ABA praises standards to prevent prison rape

American Bar Association President Wm. T. Robinson III recently sent a letter to U.S. Attorney General Eric Holder praising the U.S. Department of Justice’s adoption of comprehensive national standards to prevent prison rape.

“The Department of Justice gave serious and thoughtful consideration to the comments it received from the ABA and other interested individuals and organizations,” Robinson said. “We commend the department for significantly advancing Congress’s goal of establishing a ‘zero-tolerance standard’ for the incidence of sexual abuse in U.S. prisons, jails and other facilities.”

The ABA is calling on all branches of the federal government, states and localities to implement these standards as a necessary step toward ensuring the human rights and dignity of prisoners.

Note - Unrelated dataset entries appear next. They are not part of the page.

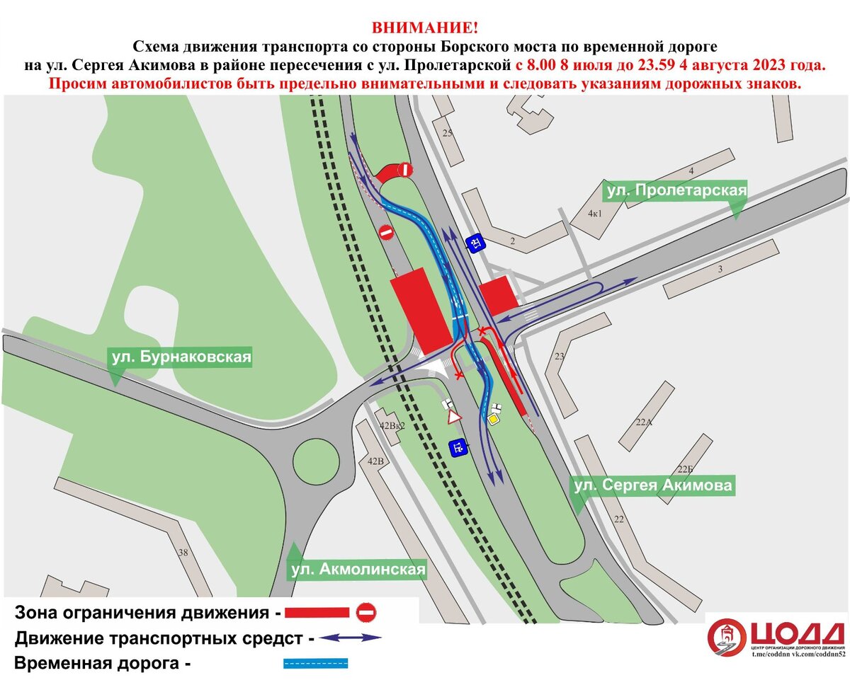 В Нижнем Новгороде с 8.00 8 июля по 4 августа изменят схему движения автотранспорта на улице Сергея Акимова. Об этом сообщает пресс-служба АО «Теплоэнерго». Изменения необходимы в связи с проведением второго этапа работ по замене магистральных теплосетей на перекрестке улиц Акимова и Пролетарской. Отмечается, что на съезде с Борского моста движение будет организовано по временной дороге, проложенной в газонной части. Движение по основной дороге со стороны съезда с Борского моста перекроют для проведения строительно-монтажных работ по перекладке трубопроводов под дорожным полотном. Временная двухполосная дорога в разделительном газоне между проезжими частями построена перед стартом работ, чтобы водители могли продолжать следовать привычным маршрутом в период проведения работ. Автомобилистов призывают быть внимательными и следовать указаниям дорожных знаков. Ширина проезжей части временной дороги позволяет организовать движение на участке в две полосы. Подробнее с информацией об организа
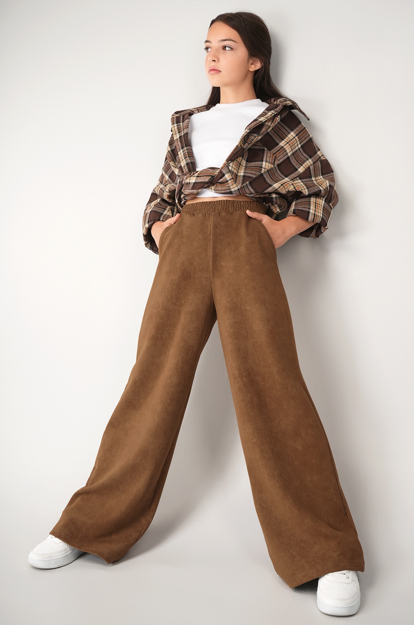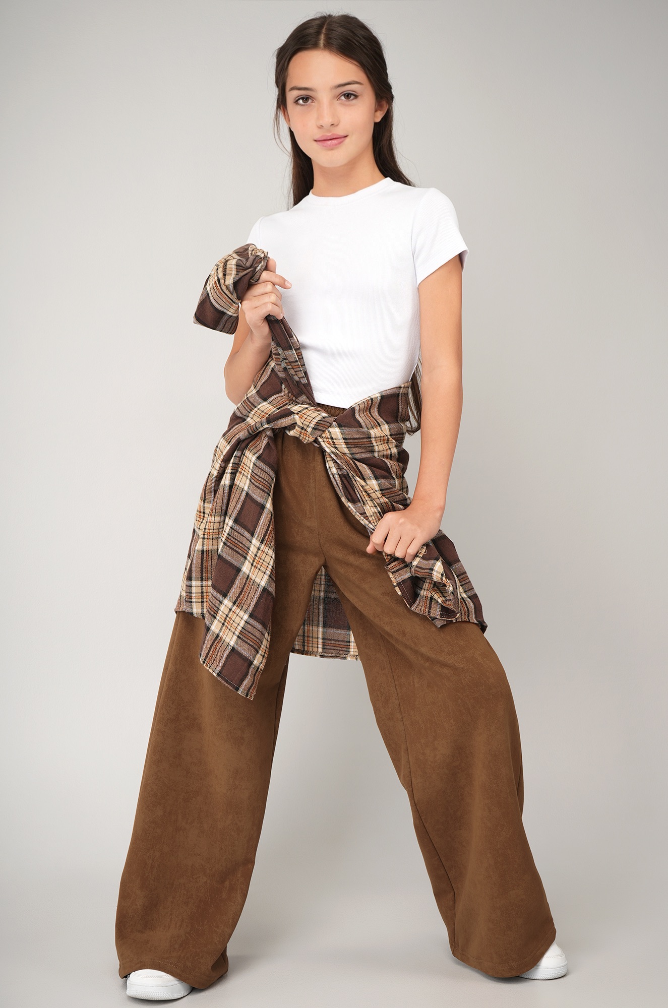 Широкие штаны палаццо подойдут для физкультуры в школе, создавая аккуратный и стильный образ. Брюки с вареным эффектом идеальны на каждый день.
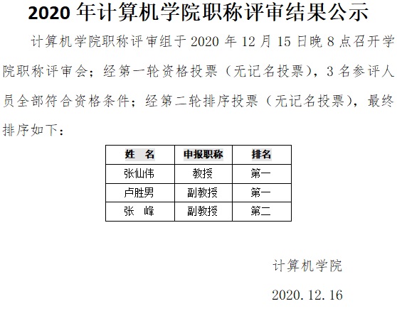 2020年棋牌游戏平台 职称评审结果公示
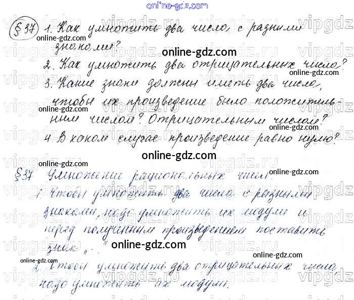 Готовые домашние задания по Математике за 6 класс Учебник Мерзляк, Полонский Алгоритм успеха 2016 - Вопросы к параграфам 37
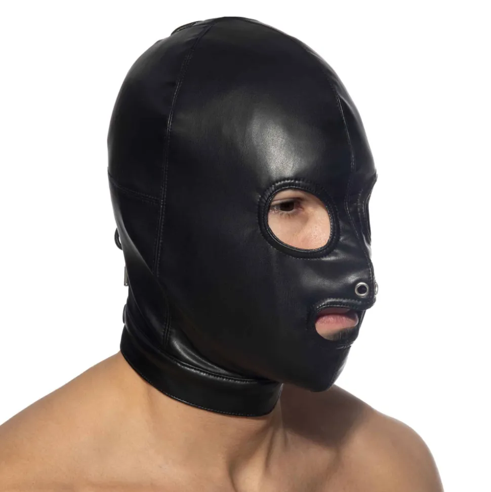 Cagoule en microfibre stretch imitant parfaitement le cuir, pour un look très fetish. Orifices pour les yeux et la bouche, oeillets métalliques pour le nez. Idéal pour les jeux de domination et de soumission. Laçage façon corset et boucle métallique à l’arrière pour un ajustement parfait. Logo AD Fetish en silicone.

Earlier this month. the Department of Justice released a final rule to prevent, detect and respond to sexual abuse in confinement facilities, in accordance with the Prison Rape Elimination Act of 2003.

Supported by a bipartisan coalition of criminal justice, civil rights and religious organizations, PREA was passed unanimously by Congress and signed into law by President George W. Bush in 2003. 

The legislation directed a bipartisan national commission to recommend, and the attorney general to adopt, comprehensive national standards on the detection, prevention, reduction and punishment of prison rape.

In February 2011, the Justice Department requested comments on its proposed PREA standards. 

In April 2011, the ABA submitted comments based on the ABA Criminal Justice Standards on the Treatment of Prisoners, which were adopted by the ABA House of Delegates in February 2010 and express the policy of the ABA.